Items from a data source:
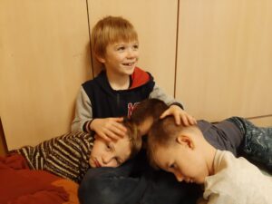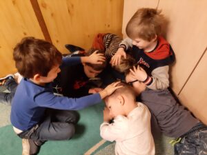 Takto to u nás vypadá, když děti vyzvu, aby si našly pohodlné místo, protože se chystám vyprávět pohádku :-).
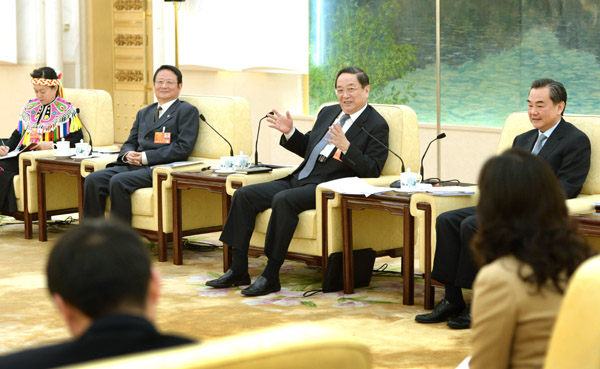 3月7日,中共中央政治局常委、全国政协十二届一次会议主席团会议主持人俞正声参加十二届全国人大一次会议台湾代表团的审议。 新华社记者马占成 摄
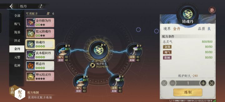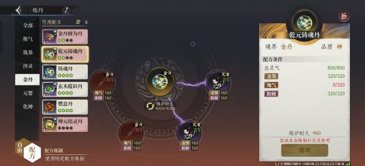 金丹期金色丹药需要三种属性各320点,但是总灵气不要超过1600,不然就会变成元婴期普通丹药
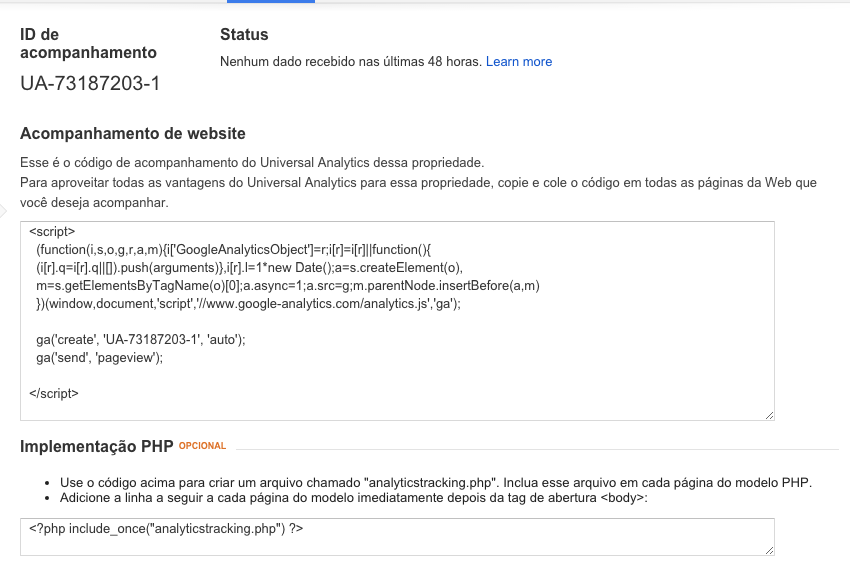 Agora é o passo final, a sua conta já esta criada, as informações do site foram inseridas com sucesso e você só precisa incluir o código exibido na tela do GA. Com esse código implementado no site você termina de criar a conta do Google Analytics.
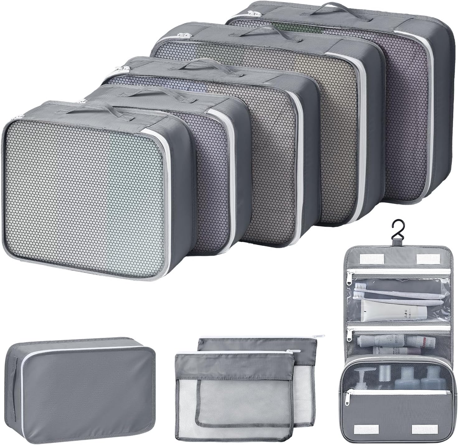 Packing Cubes for Travel 9 Set, Luggage Organizer Bags Organizer for Luggage, Travel Packing Organizers for Clothes Shoes Toiletries Data Cable.(Grey)
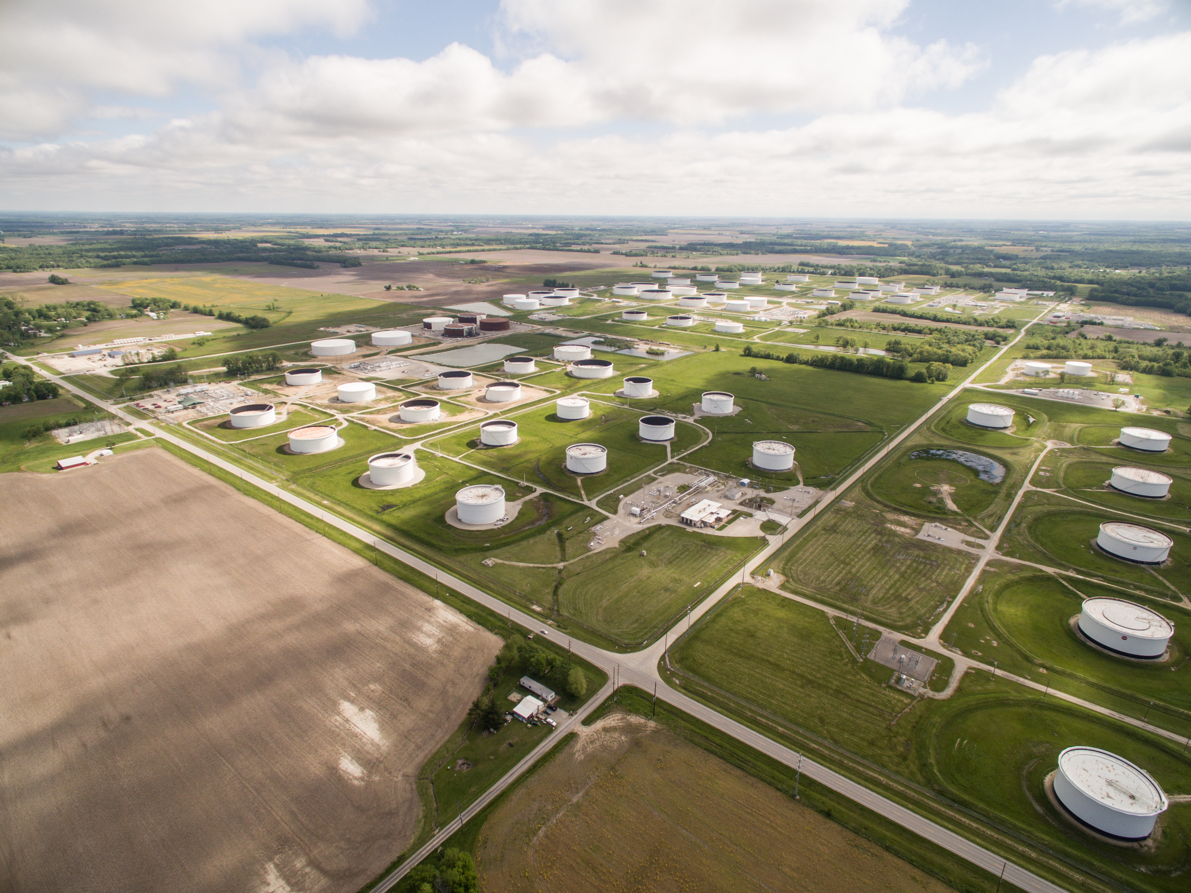 Figure 23: Storage tanks of tar sands oil along the Marathon Pipeline site in Vernon, Illinois. Steve Rowell, Midstream at Twilight, production still, 2015-16.
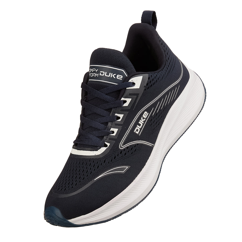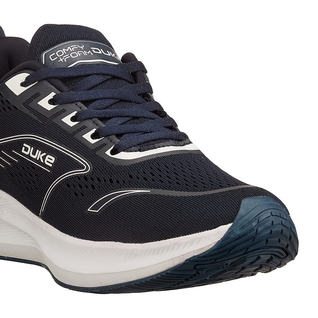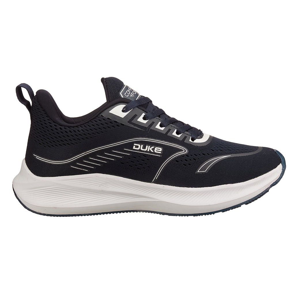 Duke Men Running Sports Shoes are engineered for speed and comfort. The mesh upper keeps your feet cool during intense runs, while secure lace-ups lock you in place. Memory foam insoles provide personalized arch support, and the responsive Phylon sole delivers cushioning with every stride. The solid contrast pattern adds contemporary style to your performance gear.
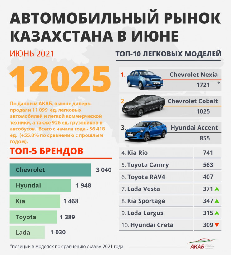 По данным Ассоциации казахстанского автобизнеса (АКАБ), продажи новых автомобилей в июне 2021 года увеличились на 21,18 процента по сравнению с июнем прошлого года. Казахстанские дилеры продали 11 099 легковых автомобилей и легкой коммерческой техники, а также 926 единиц грузовиков и автобусов.
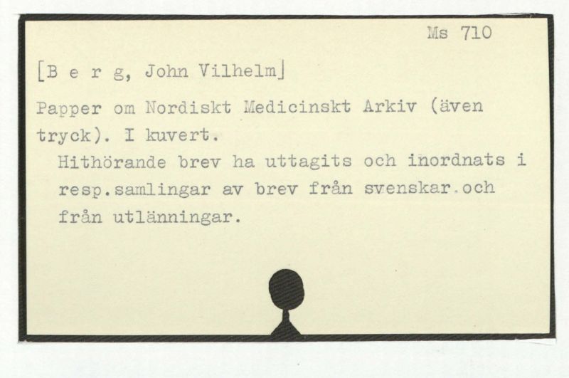 Papper om Nordiskt Medicinskt Arkiv (även tryck). I kuvert.
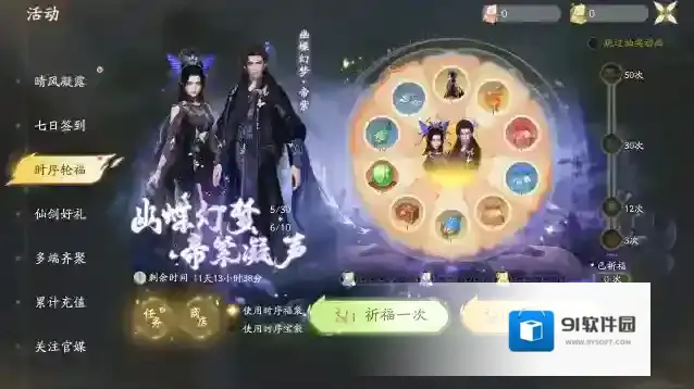 新外观幽蝶幻梦·帝紫将在新上线活动时序轮福中抽奖获得,活动时间为5月30日到6月8日,持续10天,活动期间仙友可通过消耗时序宝袋或时序福袋进行抽奖,时序宝袋通过任务获得,时序福袋可在商店购买。
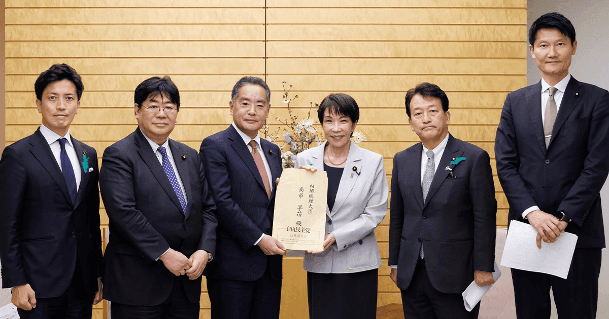 高市早苗総理(中央右)に提言を申し入れる井上信治党環境・温暖化対策調査会長(中央左)、
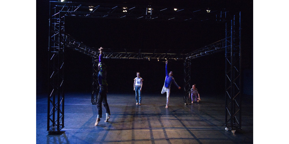 Zu zunächst zart anmutenden Klängen (Stavros Gasparatos) schält sich eine im Netz befindliche Gestalt aus der tiefschwarzen Dunkelheit des Bühnenraums heraus. Ein einzelner Körper, der mit zaghaften Slow-Motion-Bewegungen seinen horizontalen Umraum entdeckt und nach und nach von den anderen drei Tänzer*innen Gesellschaft erhält. Jede*r für sich erkundet zunächst behutsam die auf kleinem Minimalraum beschränkte Umgebung, tastet sich vor und vergrößert den Bewegungsradius – vier Individuen für sich, auf der Suche nach sich selbst, nach der eigenen Identität – integriert in ein Netz vermeintlicher Sicherheit oder doch ein Netz der Begrenzung? Erst allmählich entdecken die Performer*innen im sportiven Casual-Look – barfuß, Jeans, Streifen-Shirt – die vielfältigen Möglichkeiten, die das unter ihnen befindliche Netz auch in der Vertikale zur Bewegung bietet: Ein vorsichtiges auf den Netzgurten Balancieren wird ebenso erprobt, wie ein Legen auf die Striemen oder ein geschmeidiges durch das Netz Hindurchgleiten. Aus diesem vermeintlich ‚behaglichen‘ Zustand entwickeln sich alsbald bedrohliche Situationen, wenn zwei Tänzer*innen das ‚gemachte Nest’ verlassen und auf den Boden hindurchrutschen – die über ihren Köpfen gefährlich schwebenden Tänzer*innen drohen spinnengleich auf ihre Opfer zu stürzen – mit vollem Gewicht. Doch alle vier landen in vollendeter Kontrolle auf dem Bühnenboden, wagen den Sprung ins Freie – in die Freiheit.
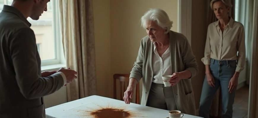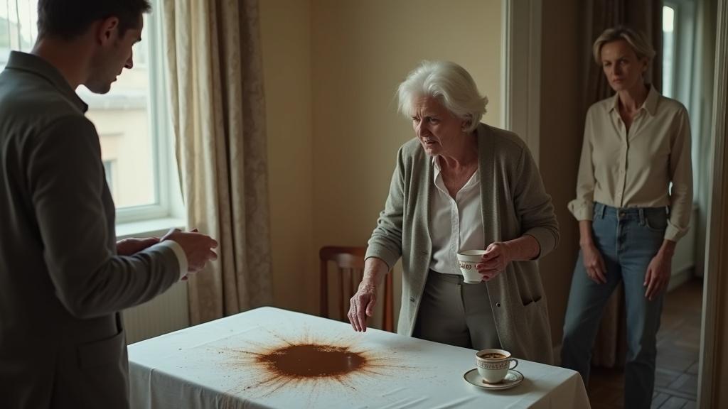 Татьяна замерла с чашкой кофе в руках. Кофе пролился на белую скатерть, расползаясь тёмным пятном, но она этого не заметила. В дверях стояла Галина Петровна, её свекровь, держа в руках какие-то бумаги. За её спиной маячил Вадим — муж Татьяны. Он смотрел в пол, избегая встречи с глазами жены.
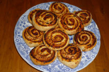 Gli appassionati dei "rotoli" (eh sì, esiste anche questa categoria di cultori gastronomici) saranno soddisfatti da questa ricetta, visto che queste focaccine si ottengono sezionando un grande rotolo di focaccia. E devo dire che all'interno del genere, sono, pur nella loro estrema semplicità, una variante divertente e gustosa.
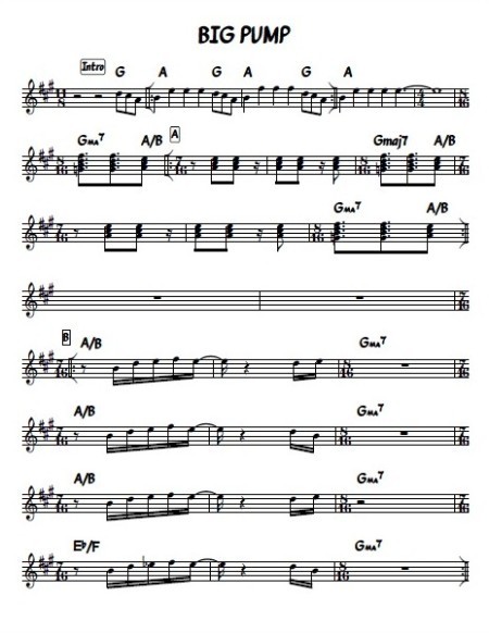 まずはこの動画を。2013年のライブ映像ですが、2008年リリースの『Now Vs. Now』に収録されている“Big Pump”という曲です。大きい流れとしてはずっと11/8で進んでいますが、一聴しただけでは何拍子か、どこがアウフタクト※かわからないような曲です。以下の譜面をご確認ください。
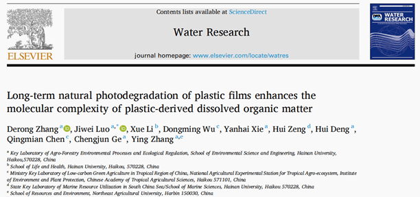 近日,环境领域权威期刊《Water Research》刊发了海南大学环境科学与工程学院土壤健康与可持续利用创新团队的最新研究成果,题为:Long-term natural photodegradation of plastic films enhances the molecular complexity of plastic-derived dissolved organic matter。海南大学资源利用与植物保护专业硕士研究生张德荣为唯一第一作者,罗吉伟副教授为独立通讯作者。
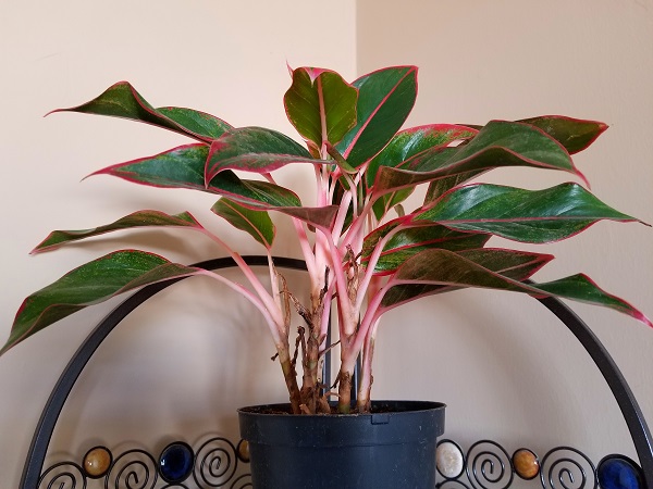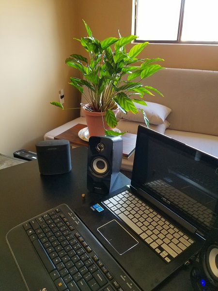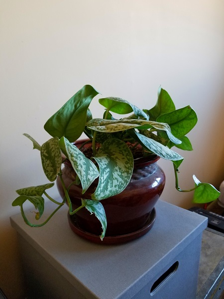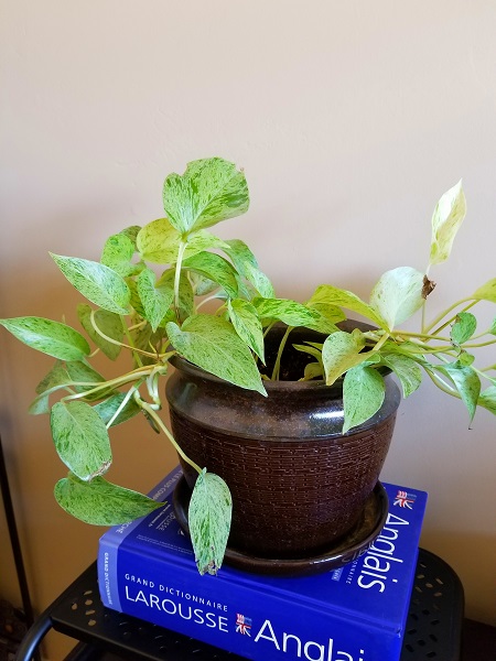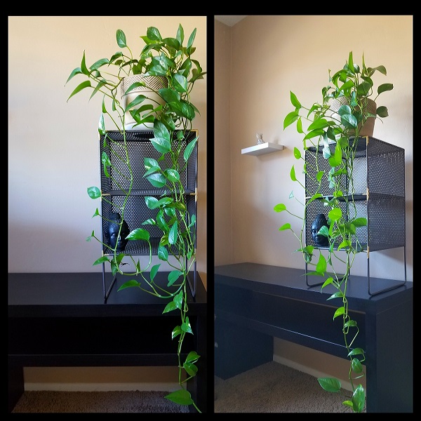 Finally, Barclay, my first, sits further out in front of my desk and to the right, same place he’s been… I did have to purchase this stand for him, though, as he needed a greater height. His tendrils had grown to where they were coiling on the floor. I found this cheap little metal stand at Ross.

◆ YOUR GOAL: Output the data above exactly, beginning at its first line and ending with the line that holds "Figure 23: Storage". Leave out the pictures and add nothing.

◆ WRITTEN RESPONSE:
 Takto to u nás vypadá, když děti vyzvu, aby si našly pohodlné místo, protože se chystám vyprávět pohádku :-).
 3月7日,中共中央政治局常委、全国政协十二届一次会议主席团会议主持人俞正声参加十二届全国人大一次会议台湾代表团的审议。 新华社记者马占成 摄
 金丹期金色丹药需要三种属性各320点,但是总灵气不要超过1600,不然就会变成元婴期普通丹药
 Agora é o passo final, a sua conta já esta criada, as informações do site foram inseridas com sucesso e você só precisa incluir o código exibido na tela do GA. Com esse código implementado no site você termina de criar a conta do Google Analytics.
 Packing Cubes for Travel 9 Set, Luggage Organizer Bags Organizer for Luggage, Travel Packing Organizers for Clothes Shoes Toiletries Data Cable.(Grey)
 Figure 23: Storage tanks of tar sands oil along the Marathon Pipeline site in Vernon, Illinois. Steve Rowell, Midstream at Twilight, production still, 2015-16.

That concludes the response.